The potential preventive role of inhaled corticosteroids in preventing parapneumonic effusion in patients with high risk of CAP must be clarified in future randomized studies, according to Dr. Sellares.
"Influence Of Long-Term Use Of Inhaled Corticoids On The Development Of Pleural Effusion In Community Acquired Pneumonia" (Session D14, Wednesday, May 23, 8:15-10:45 a.m., Room 2001-2003, Moscone Convention Center; Abstract 30951)
* Please note that numbers in this release may differ slightly from those in the abstract. Many of these investigations are ongoing; the release represents the most up-to-date data available at press time.
Influence Of Long-Term Use Of Inhaled Corticoids On The Development Of Pleural Effusion In Community Acquired Pneumonia
Type: Scientific Abstract
Category: 10.03 - Community Acquired Respiratory Infections (Including Epidemiology) (MTPI)
Authors: J. Sellares1, A. Lopez-Guiraldo1, C. Lucena1, E. Polverino1, C. Cilloniz1, R. Amaro1, M.A. Marcos1, J. Mensa1, A. Torres2; 1Hospital Clinic - Barcelona/ES, 2Hospital Clinic Del Barcelona / - Barcelona/ES
Long-term use of inhaled corticosteroids (ICS) in patients with Chronic Obstructive Pulmonary Disease (COPD) has been associated with increase risk of CAP. By contrast ICS have been associated with less CAP severity and a decreased risk of pneumonia-related mortality. Pleural infection is a frequent complication of CAP that may increase mortality. The objective of this study was to assess the influence of long-term use of ICS on the incidence and severity of parapneumonic effusion in patients with different baseline respiratory disorders.
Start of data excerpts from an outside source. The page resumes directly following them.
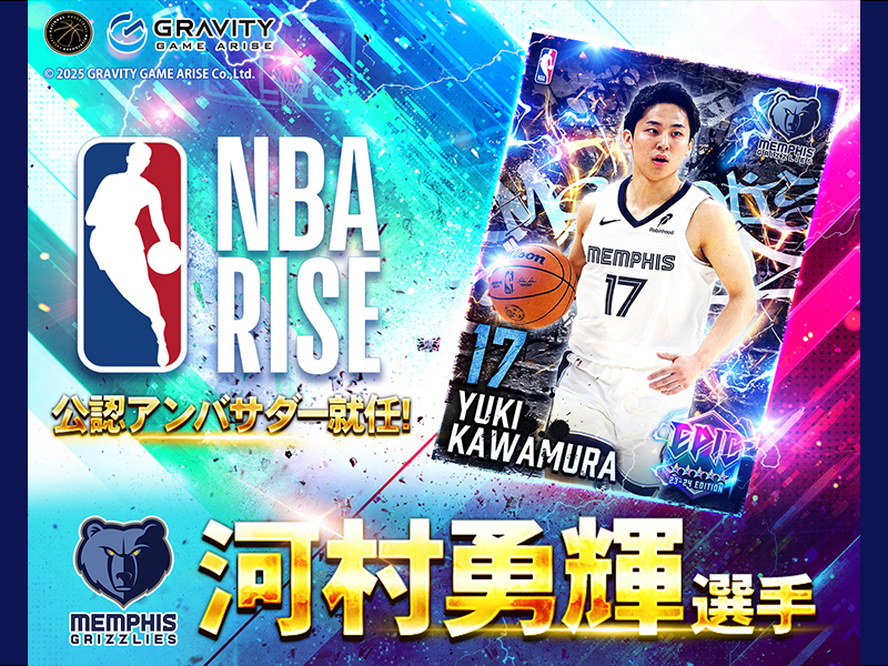 グラビティゲームアライズ株式会社は7月10日、NBA公式バスケットボールシミュレーションゲーム『NBA RISE』において、河村勇輝がアンバサダーに就任したことを発表した。河村は昨シーズン、メンフィス・グリズリーズでNBA公式戦に出場し、日本人としては史上4人目のNBAプレーヤーとなった。現在はフリーエージェント(FA)として新たな契約先を探しており、今夏はシカゴ・ブルズの一員としてサマーリーグに挑戦している。
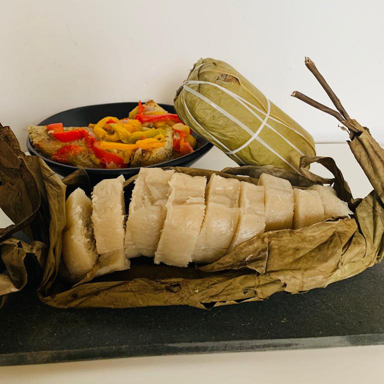 Pain de manioc fermenté, enveloppé dans des feuilles et cuit à la vapeur.
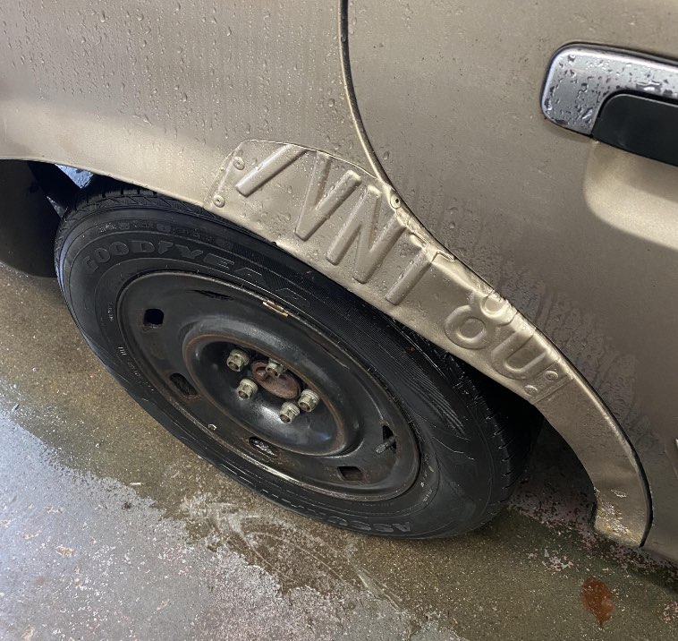 “На этой машине ржавчину отремонтировали при помощи номерного знака, да еще и покрасили это. Что?”
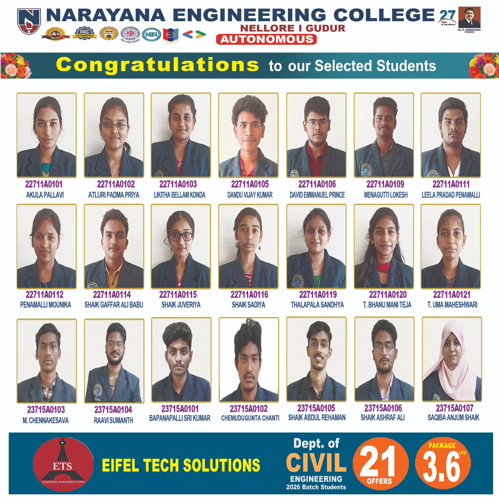 Narayana Engineering College, Nellore, AP (NECN) was
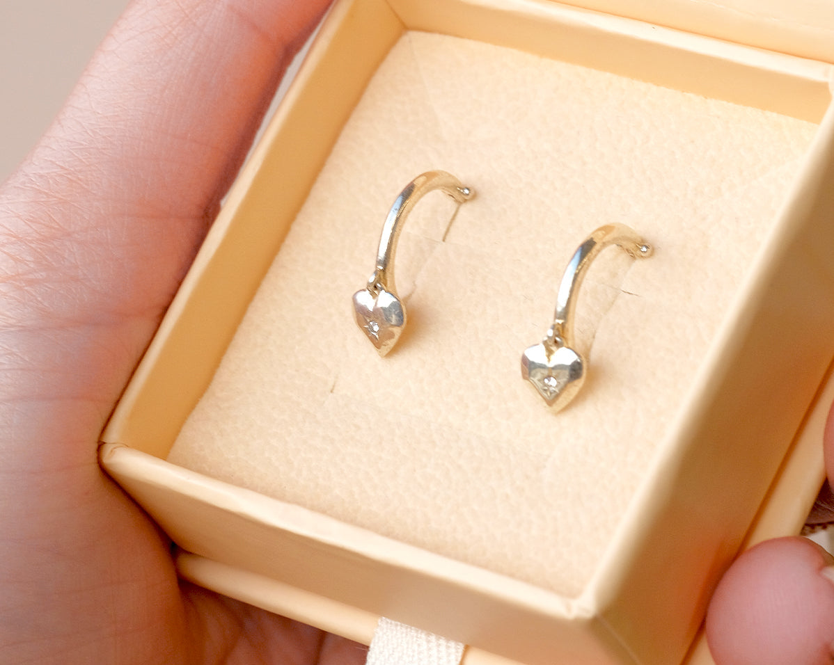 Celebrate the month of love with our timeless Gilded Heart Pendant turned mini into the Aiko Heart Hoops. Inspired by my grandmother's vintage heart pendant, these hoops make the perfect minimal homage.
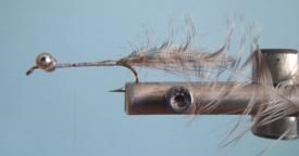 Queue: Hackle de selle Cree ou Grizzly et Flashabou perle

We conducted a single centre cohort study of 3602 patients consecutively collected with the diagnosis of CAP. We assessed clinical, radiographic and pleural fluid chemistry and microbiological variables. Pleural effusion was classified according to American College of Chest Physicians guidelines. Patients were classified whether they received prior ICS treatment or not.
659 patients (18%) were treated with ICS before diagnosis of CAP (COPD: 56% Asthma: 13%, Bronchiectasis: 6%, others: 25%). Prior treatment with ICS was significant associated with less incidence of parapneumonic effusion compared to those without prior ICS treatment (5% vs. 12%, p<0.001). The multivariate analysis adjusted by age, sex, comorbidities and CAP severity, showed a significant association between prior ICS treatment and lower incidence of pleural effusion [OR 0.42 (95% CI, 0.28-0.64, p<0.001)]. Prior treatment with ICS was significantly associated with higher incidence of category 1 effusion (<10mm)(53% vs 30%, p=0.008 ) and lower incidence of category 4 (empyiema) compared to those without ICS treatment (3% vs 16%, p=0.05). Prior ICS treatment was associated with higher glucose and lower protein and lactic acid dehydrogenase (LDH) levels in the pleural effusion. No differences were observed in outcomes among the different chronic pulmonary disorders treated with ICS. There was no difference in pneumonia-related 30-d mortality between patients with and those without prior treatment with ICS.
The prior treatment of ICS in patients who develop CAP is associated with lower incidence and less severity of parapneumonic effusion, regardless of the baseline chronic respiratory condition.